Though sub-Saharan Africa remains the worst performing region in the most recent Legatum Prosperity Index, it has seen encouraging progress in the past year in five of the Index’s nine pillars, including a notable improvement in Governance. And this promising trend looks set to continue.
Tackling public sector corruption was a key theme of Liberian president George Weah’s inaugural address in Monrovia, at an event which marked the West African nation’s first peaceful transition of power in nearly half a century. Weah, the former Ballon d’Or-winning footballer, who first ran for president in 2005, focused on the persistent scourge of corruption, which has eroded popular confidence in successive governments and hampered Liberia’s economic and social progress.

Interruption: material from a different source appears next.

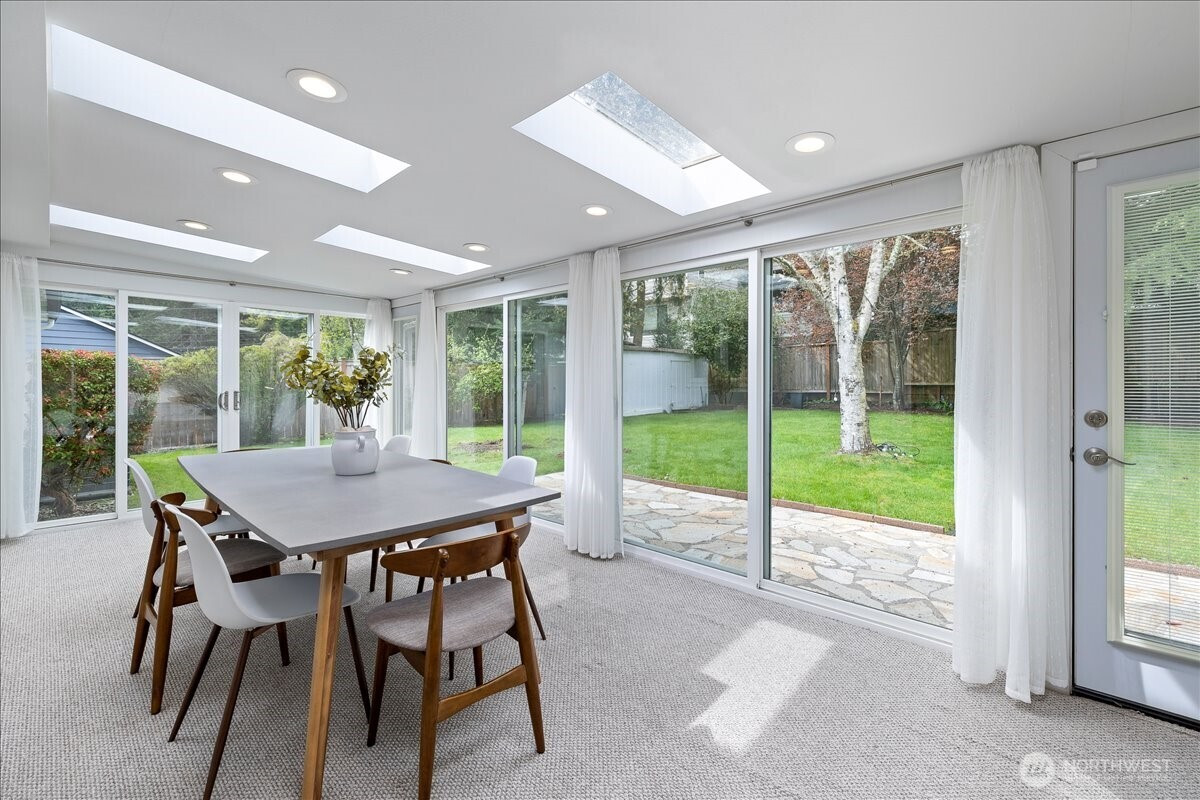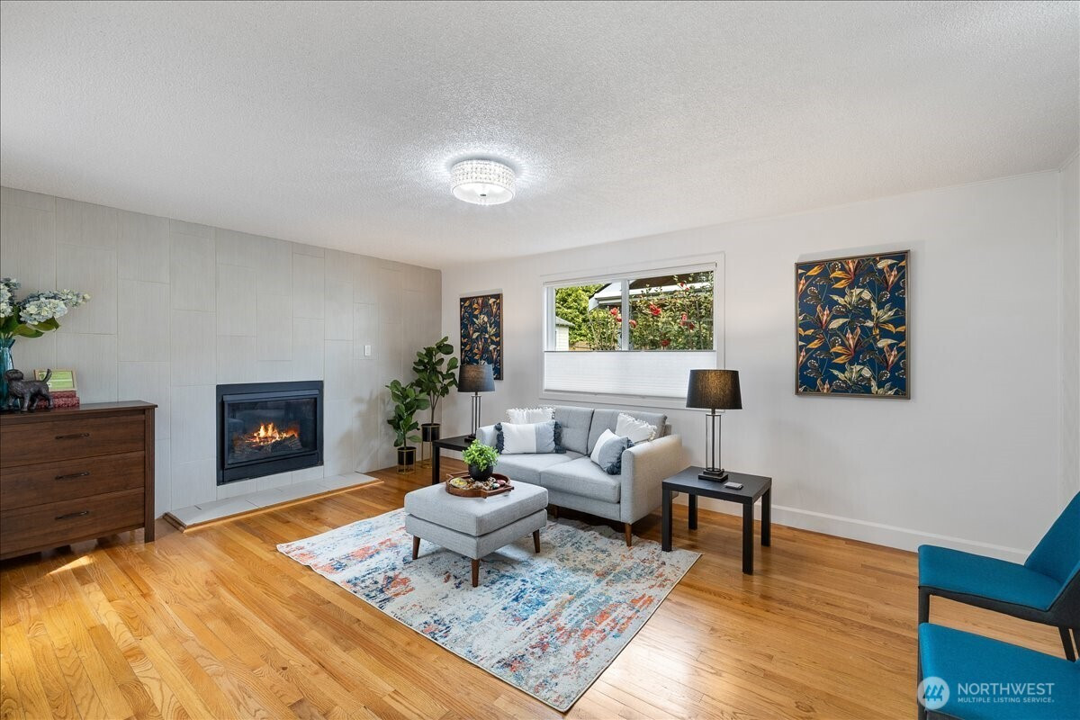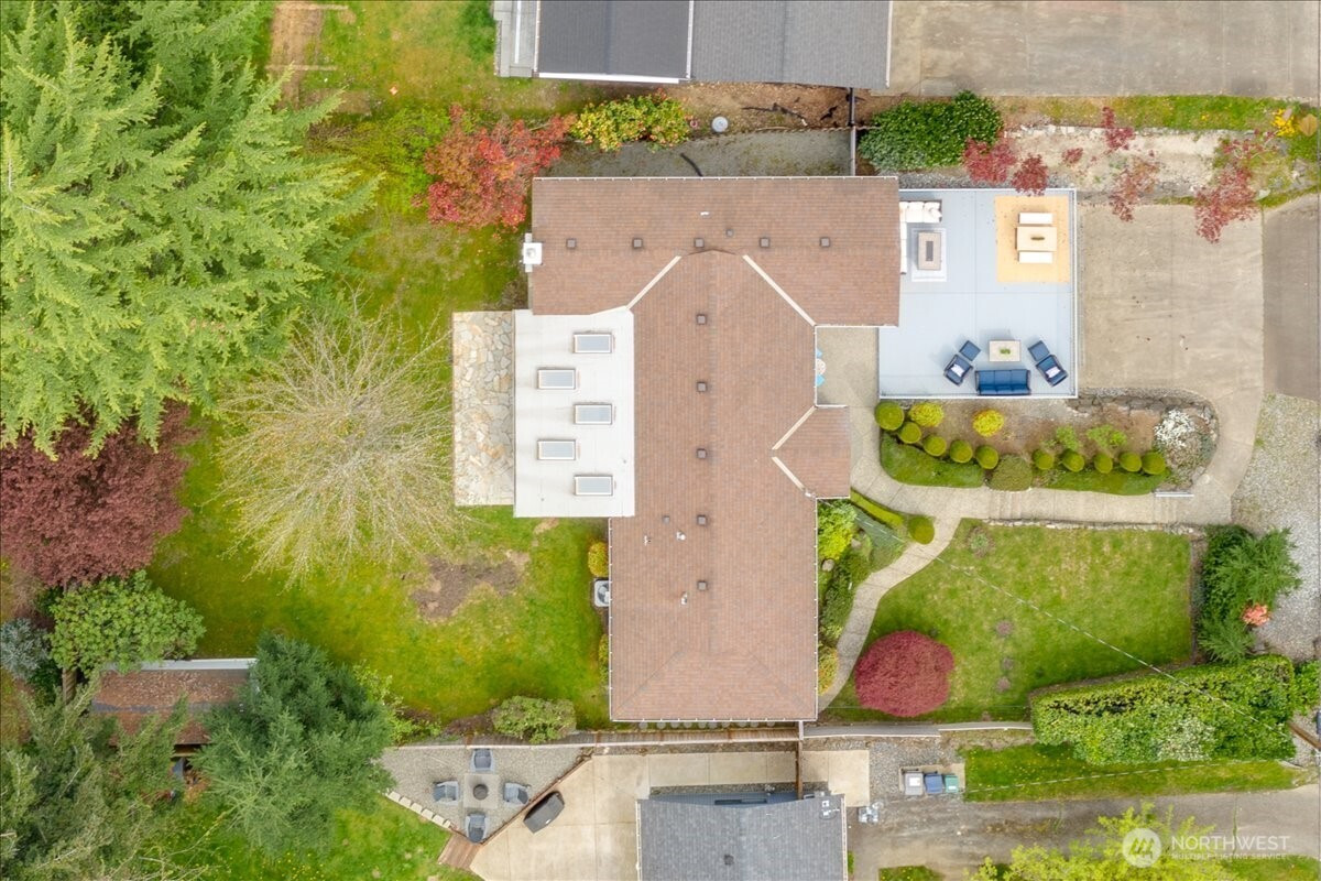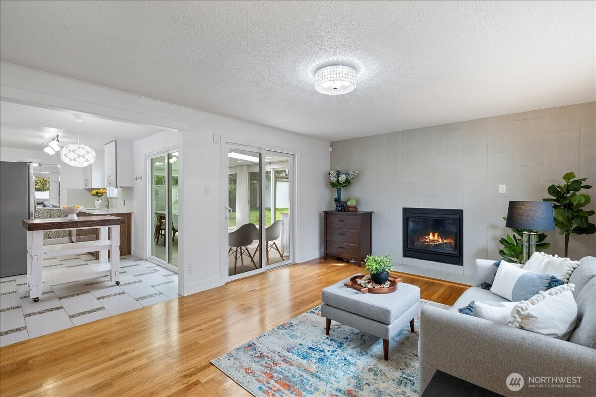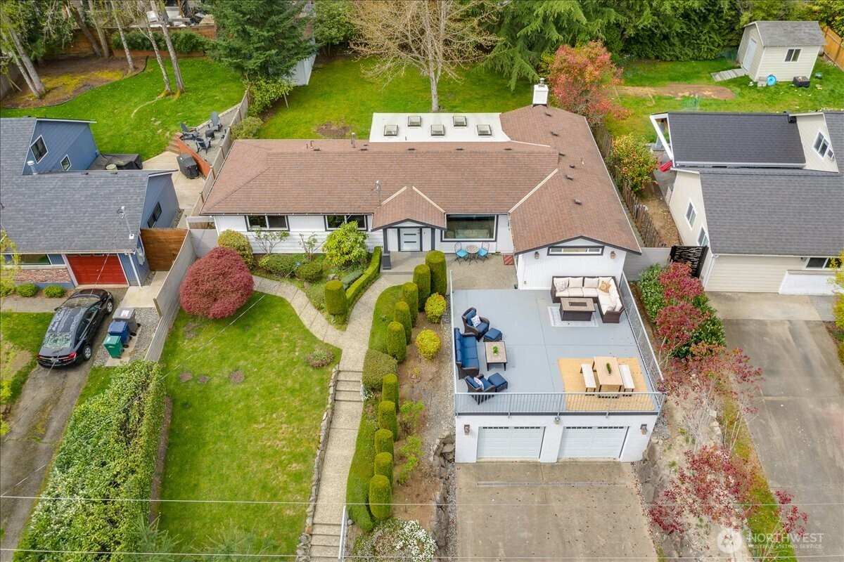 Presenting a truly one-of-a-kind rambler on a large, wide lot offering exceptional space, privacy, and versatility. Thoughtfully designed with three bedrooms on one wing and a private primary suite on the other. A unique feature is the expansive front patio above the 2-car garage, creating an incredible outdoor living space with endless possibilities. Picture an outdoor lounge with BBQ for hosting gatherings, morning coffee just steps from your bedroom, or sipping your evening tea while enjoying pink-sky sunsets. Inside, you will find real hardwood floors, beautiful tilework, & elegant light fixtures that create a warm, inviting feel throughout. The fully enclosed sunroom is a standout feature, complete with sliding doors, skylights, recessed lighting, offering great flexibility as an additional living area. The backyard is fully fenced and landscaped with mature trees, including an apple tree and cherry blossom tree, along with lush greenery that create a peaceful, private outdoor retreat or a great space for pets to play. It's a 3-min walk to Inglewood Village, where QFC, coffee shops, and restaurants are conveniently located. Within a 5-mins drive are St Edward State Park with beach access and The Lodge, Bastyr University, OO Denny Park with Mt Rainier views on clear days, Big Finn Hill Park, and several scenic trails nearby. The highly rated schools in this district make this home and location even more desirable.

His inauguration comes less than fifteen years after the end of Liberia’s fourteen year civil war which left a quarter of a million people dead and displaced more than a million others.
Popular intolerance of systemic corruption also appears to have sealed the fate of South Africa’s president. Jacob Zuma, whose second five-year term was due to expire next year, is expected to stand down before the State of the Union address, scheduled for 8 February. Public outcry over widespread misuse of public office by members of the Zuma administration formed part of the backdrop to the ANC’s recent leadership election. The narrow victory of deputy president Cyril Ramaphosa has been viewed as a watershed moment in the history of post-apartheid South Africa, which dropped four ranks in this year’s Index.
Why governance is such an essential component of prosperity
The nature of a country’s governance has a material impact on its prosperity. The rule of law, strong institutions and regulatory quality contribute significantly to economic growth. Effective, fair and accountable governments increase public confidence, and, ultimately, result in higher levels of life satisfaction among citizens.